In the prolonged current low-interest rate environment, private credit has become an extremely attractive asset class for insurers due to the compelling risk-adjusted returns, with no signs of allocations slowing down. In addition to investing in a credit product that maximizes risk adjusted yields, insurers also require a partner that has a full grasp of their regulatory framework.

Because of both our credit and our insurance expertise, we are able to provide custom investment solutions for insurers that maximize risk-based capital benefits and improve target return profiles. Our tailored approach enables us to support insurers of all sizes and our proprietary origination network consistently generates investment opportunities that fit insurers’ needs.

Having sat on the insurance side of the table, I have experienced first-hand how valuable it is to have an investment manager that not only can help meet risk-adjusted returns and capital efficiency targets, but also has the knowledge to be able to provide ancillary services as needed. Regardless of economic cycles and varying degrees of uncertainty as we move forward, our client-centric focus will continue to be our number one priority.


Portfolio Company Spotlight: Bakkt

Kinan Hayani, Principal

Four short months after we launched our first special purpose acquisition company (SPAC), VPC Impact Acquisition Holdings (VIH), we identified and announced a business combination with a differentiated high-growth fintech company. The company has a strong position in one of the most well-funded and fastest growing areas of technological expansion, digital assets and crypto currency.

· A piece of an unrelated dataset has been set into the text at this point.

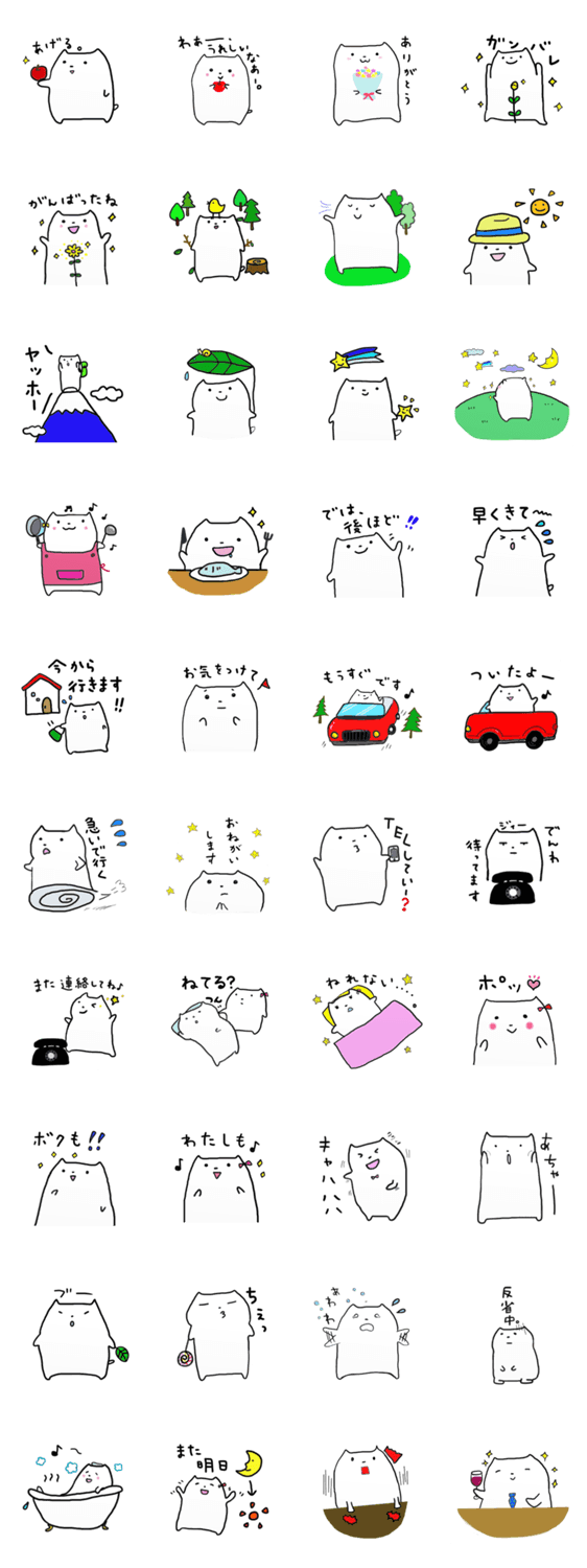 ねこたとねここの毎日。2 konpeitou コメントをどうぞ ゆるく、可愛い、ねこたとねここの日常スタンプ。第二弾です。リボンをつけているのがねここ。しっぽがちょっと出ているのが娘。 このスタンプどう思う?!↓クリックで投票♪好き (0)かわいい (0)かっこいい (0)おもしろい (0)使いやすそう (0)欲しい (0)萌え (0)ほっこりする (0)おしゃれ (0)ゆるい (0)こわい (0)ウザい (0)キモい (0)ムカつく (0)持ってる (0)癒される (0)セクシー (0)個性的 (0)私は買わない (0)誰かプレゼントして! (0) 購入・プレゼントする Facebookでシェア Twitterでシェア

Bakkt is a trusted digital asset marketplace that enables institutions and consumers to buy, sell, store and spend digital assets. Launched in 2018 by Intercontinental Exchange, Inc., the company offers a secure, regulated platform for institutions, businesses and consumers to unlock new ways to participate in the digital economy.

For institutions that seek the infrastructure and capabilities to access new markets, products, and digital asset ecosystems, Bakkt provides greater regulatory compliance, better price discovery, and more effective risk management for institutions. For consumers, Bakkt’s scalable platform allows for the aggregation, transferability and monetization of cryptocurrencies, merchant offers, loyalty points and gift cards. And finally, for merchant partners, Bakkt enhances the value of merchant loyalty programs and the financial controls to reduce associated financial liabilities.

At VPC, we are excited about the future for Bakkt. With a strong management team and expanding ecosystem with high caliber partners, the company is poised to be a leading, long-term player in the large and growing digital asset ecosystem.